The Influence of Invariant Natural Killer T Cells on Humoral Immunity to T-Dependent and -Independent Antigens

Abstract

Vaccination with CD1d-binding glycolipid adjuvants and co-administered protein, lipid, and carbohydrate antigens leads to invariant natural killer T (NKT) cell-dependent enhancement of protective B cell responses. NKT cell activation boosts the establishment of protein antigen-specific B cell memory and long-lived plasma cell (LLPC) compartments. NKT cells may exert a similar effect on some carbohydrate-specific B cells, but not lipid-specific B cells. The mechanisms of action of NKT cells on B cell responsiveness and subsequent differentiation into memory B cells and LLPC is dependent on CD1d expression by dendritic cells and B cells that can co-present glycolipids on CD1d and antigen-derived peptide on MHCII. CD1d/glycolipid-activated NKT cells are able to provide help to B cells in a manner dependent on cognate and non-cognate interactions. More recently, a glycolipid-expanded subset of IL-21-secreting NKT cells known as NKT follicular helper cells has been suggested to be a driver of NKT-enhanced humoral immunity. This review summarizes established and recent findings on how NKT cells impact humoral immunity and suggests possible areas of investigation that may allow the incorporation of NKT-activating agents into vaccine adjuvant platforms.
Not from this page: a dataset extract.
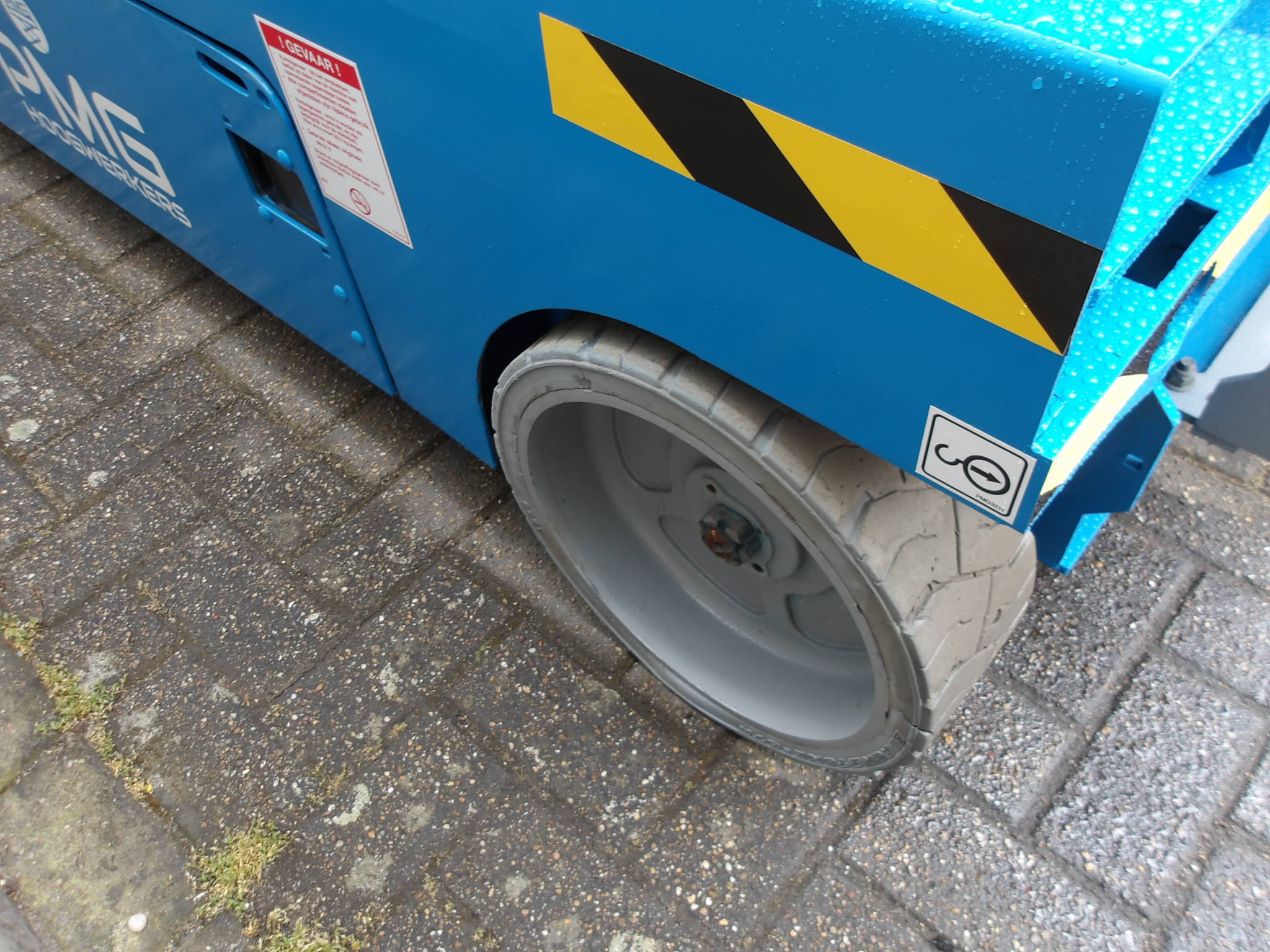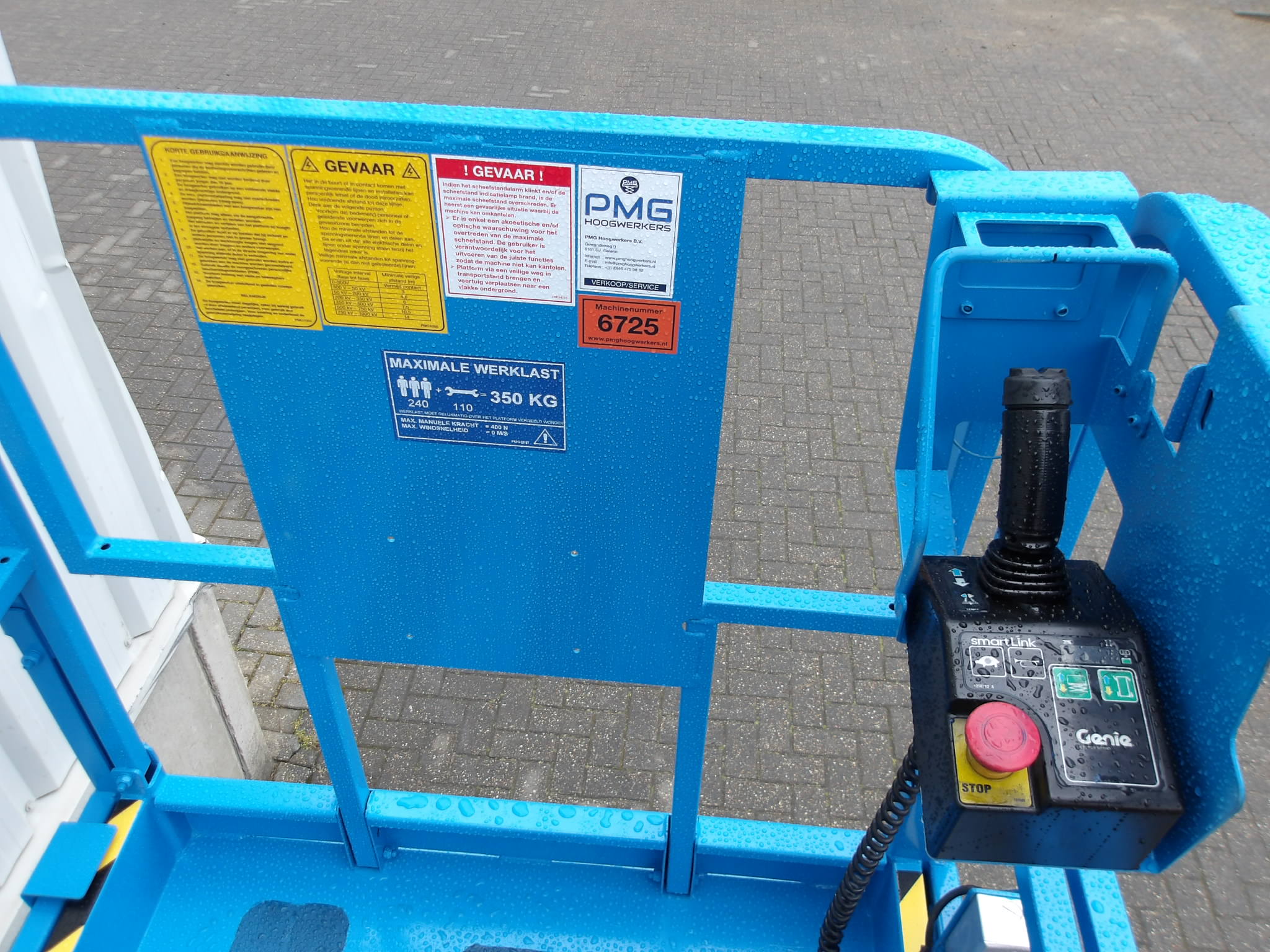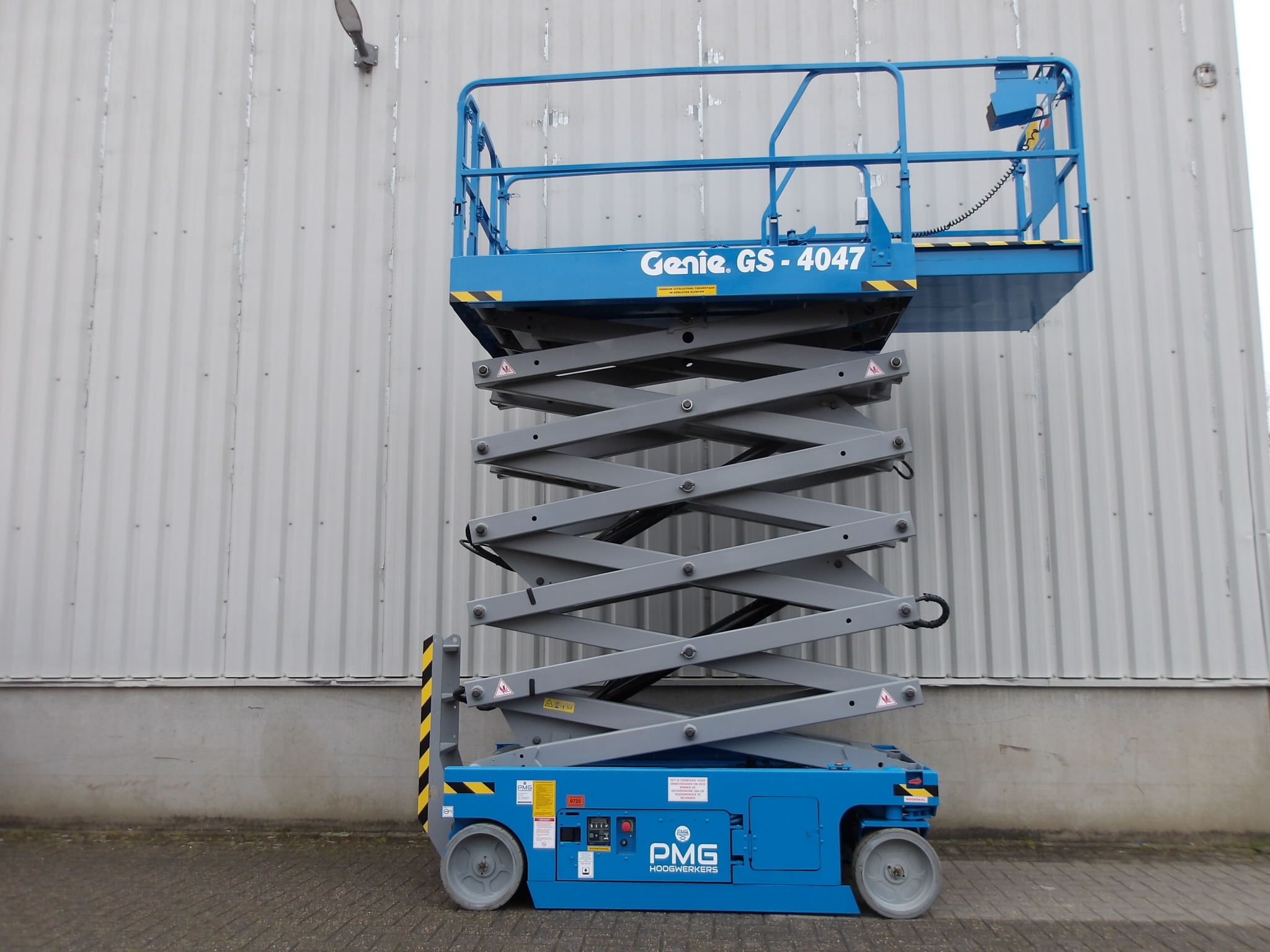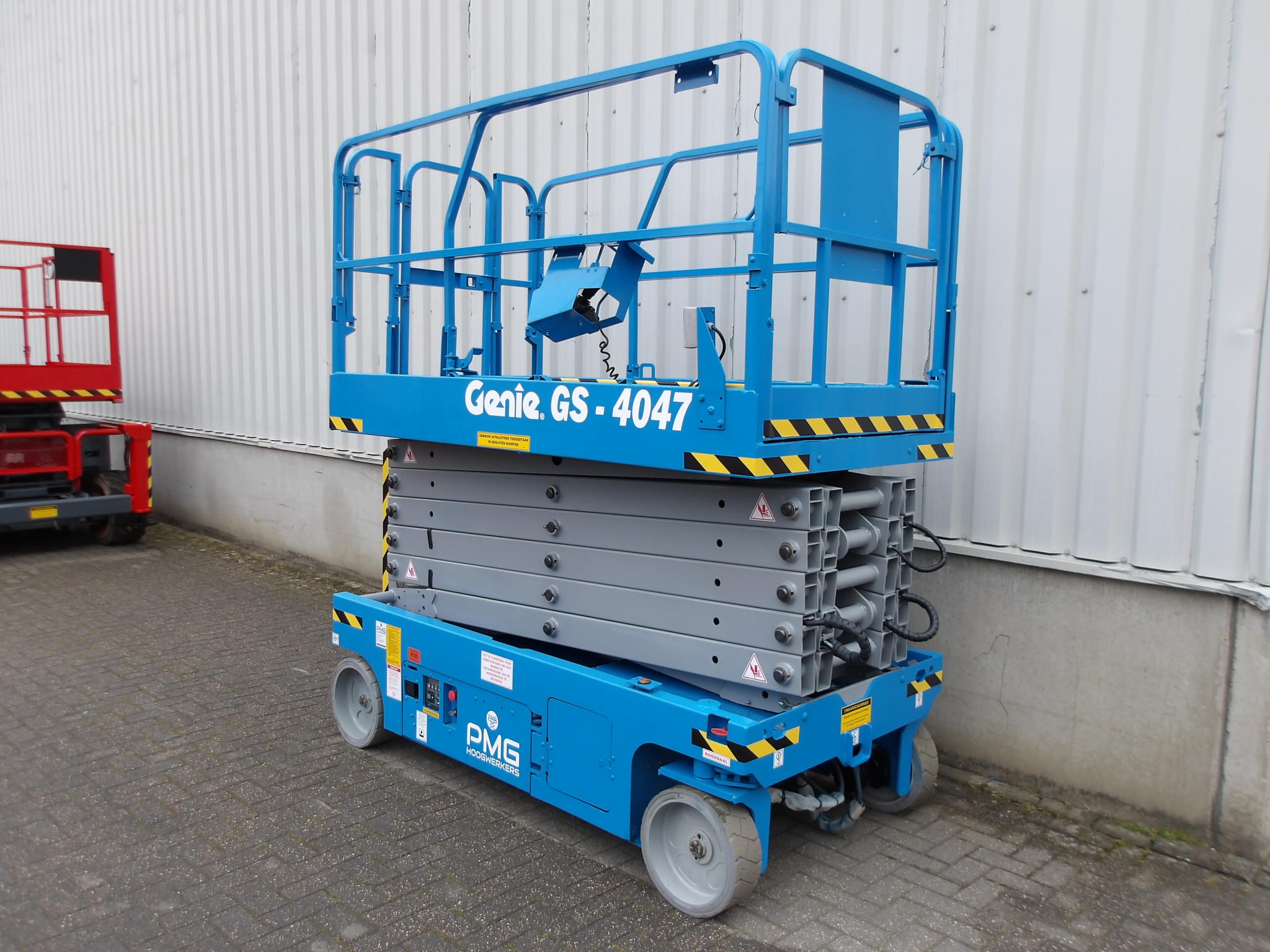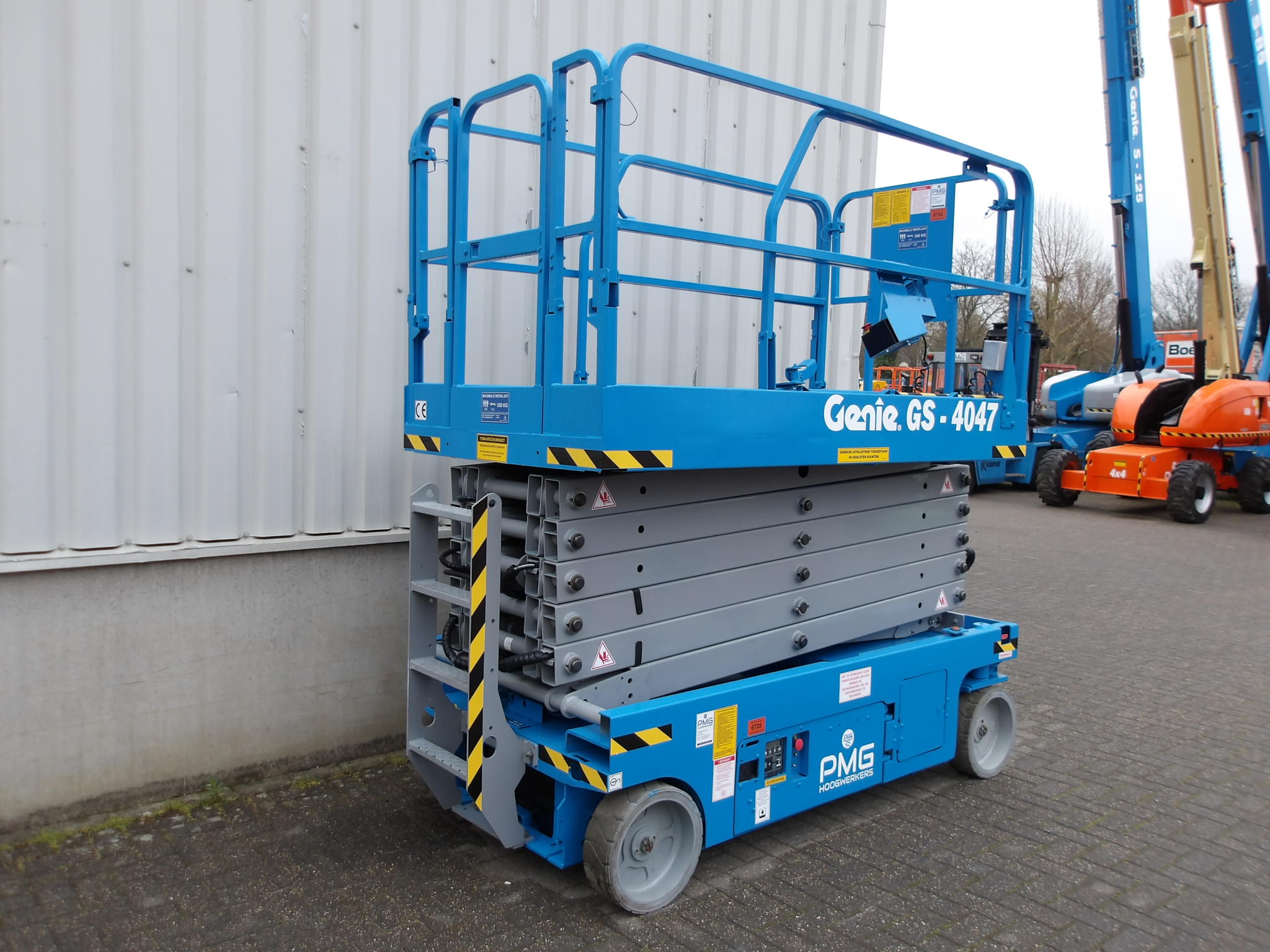 Diese Genie GS4047 Scherenarbeitsbühne ist eine Maschine in exzellentem Zustand. Mit einer Arbeitshöhe von 14 Metern und einer Plattformlast von bis zu 350 Kilogramm ist die Scherenarbeitsbühne ideal um Ihre Produktivität zu steigern. Mit spurlosen Reifen, elektrischer Steuerung und kompakter Bauweise bietet die GS4047 perfekte Eigenschaften für ein sehr breites Aufgabenspektrum. Da diese Maschine in voller Höhe fahren kann und nur 1,20 Meter breit ist, bietet sie eine enorme Flexibilität. Sind Sie auf der Suche nach einer gebrauchten Scherenarbeitsbühne, die sich in einem ausgezeichneten Zustand befindet, bewährt und einsatzbereit ist, dann ist diese Genie GS-4047 von PMG Hoogwerkers die passende Bühne für Sie!

Keywords: CD1d; Natural Killer T; humoral immunity; pathogen; vaccine.

Figure 1

Model for natural killer T (NKT) cell influence on humoral immunity (A) CD1d^+/+ dendritic cells (DCs) are able to capture, internalize, process, and present peptide Ag on MHCII and glycolipid Ag on CD1d and do so in a coordinated fashion. As a result, Th cell priming occurs, as does NKT activation and/or NKT follicular helper cell (NKTfh) differentiation. (B) B cells capture Ag via the BCR, but also capture complexed CD1d-binding glycolipid, or internalize it by endocytosis. B cells are, thus, able to coordinately present peptide on MHCII and glycolipid on CD1d. Consequently, B cells are able to receive help from DC primed or activated classical Th/Tfh cells as well as NKT/NKTfh cells. The additional help from NKT/NKTfh cells enhances the establishment of a Bmem compartment and the generation of long-lived plasma cells.